### Exercise data
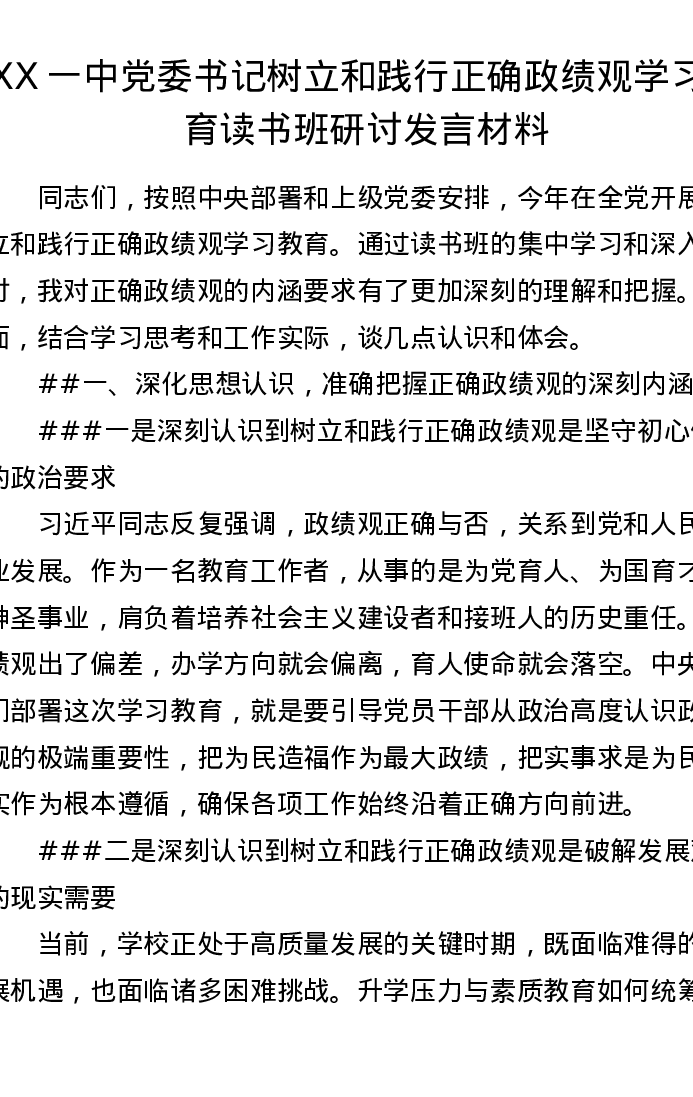 XX一中党委书记树立和践行正确ZJG学习教育读书班研讨发言材料
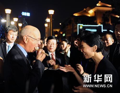 9月14日晚,在天津意式风情区,世界经济论坛主席施瓦布(左)在文化晚宴上品尝天津狗不理包子。当晚,世界经济论坛2010年新领军者年会(第四届达沃斯论坛)举行盛大文化晚宴。
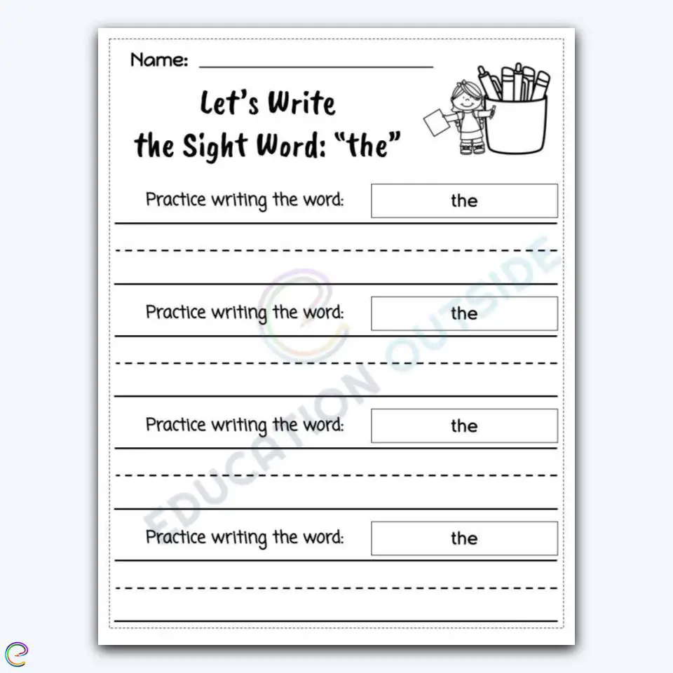 Engage your students in writing high frequency words using this Practice Writing the Word Activity Page dedicated to the sight word “the”.
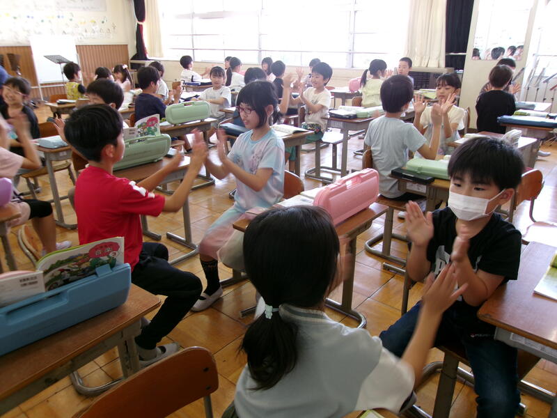 3年生の音楽の授業です。「茶つみ」の歌のリズムに合わせて、楽しく手遊びをしています。
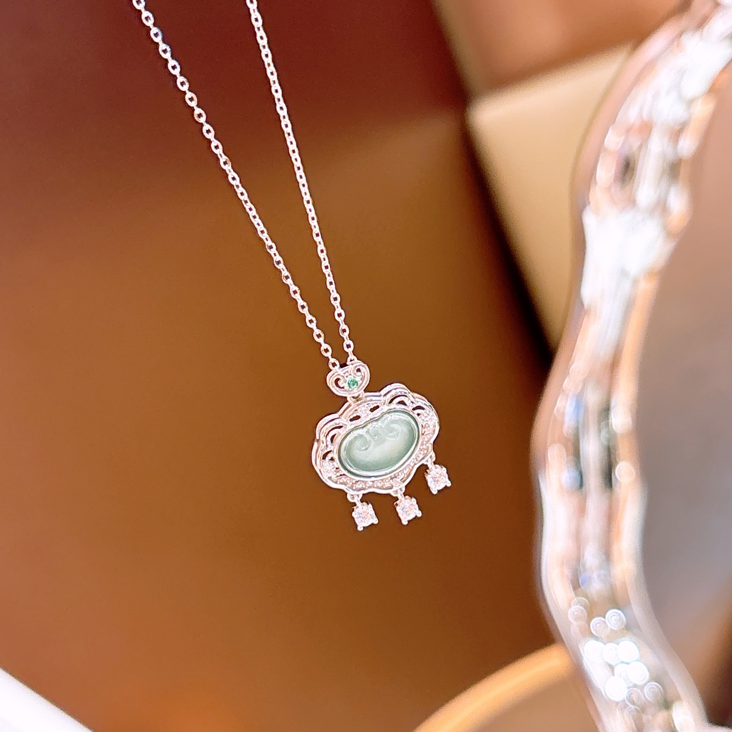 925 Silver Jadeite Necklace Pure Office Gold
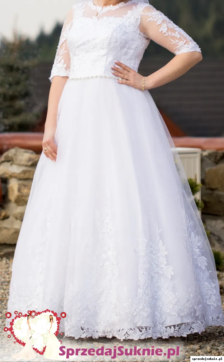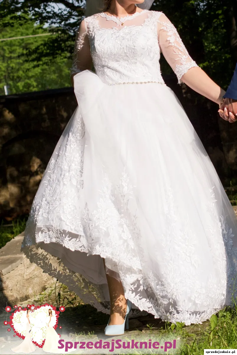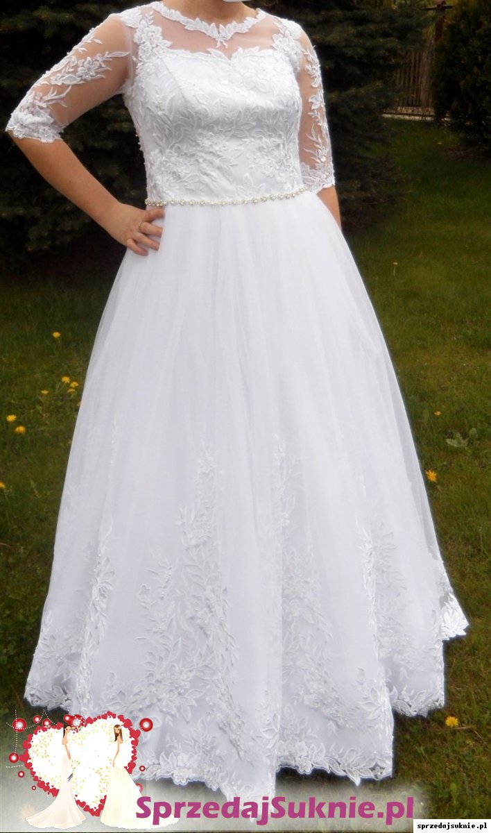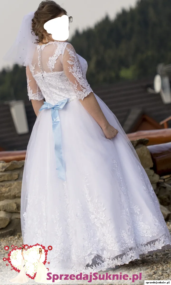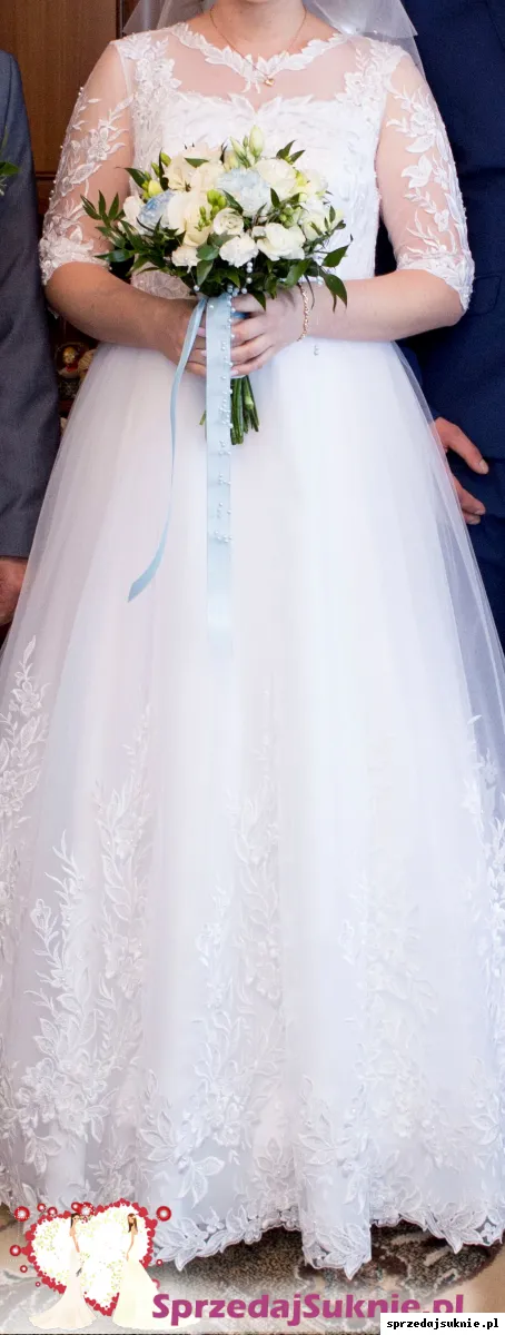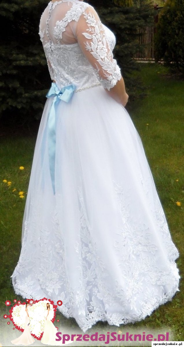 Sprzedam piękną śnieżno-białą sukienkę ślubną szytą ma zamówienie w rozmiarze M/L. Suknia posiada z tyłu kokardę w kolorze błękitnym oraz paseczek w pasie z ozdobnych diamentów. Góra sukienki oraz rękawki 3/4 wykonane są z francuskiej koronki podobnie jak kwiaty na dole sukni które ułożone są na tiulu na wzór pnącz kwiatowych. Na koronce która zdobi większość sukienki znajdują się ozdobne małe kryształki które błyszczą się w świetle. Sukienka szyta jest na wzrost ok 170cm+ szpilka. Do sukienki posiadam halkę na kole oraz w komplecie welon tiulowy na grzebyku z koronką zdobiony małymi cyrkoniami typu Swarovskiego. Zapraszam do przymiarki osobiście oraz do zakupu. Sukienka jest prawie jak nowa, wogóle niezniszczona. Do sukienki daję w gratisie oryginalny pokrowiec oraz w prezencie dla nowej właścicielki sukienki podusię na obrączki szytą z tych samych materiałów oraz pudełko na koperty w komplecie.
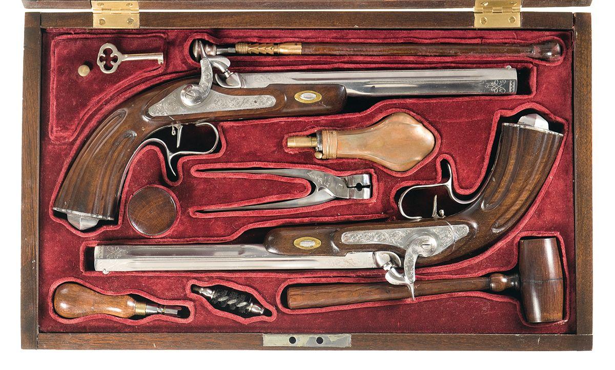 A) Blade and adjustable notch sights, scroll engraving, finger rest trigger guard, fluted grip and metal grip cap. In French-cut case with ramrod, cleaning rod, powder flask, bullet mold, hammer, barrel brush and nipple wrench.
######
» About this task
What's needed is an exact copy of the records above from the line containing "3年生の音楽の授業です。「茶" down to the line containing "925 Silver Jadeite Necklace Pure Office Gold", both included, without any pictures.

» Output
 3年生の音楽の授業です。「茶つみ」の歌のリズムに合わせて、楽しく手遊びをしています。
 925 Silver Jadeite Necklace Pure Office Gold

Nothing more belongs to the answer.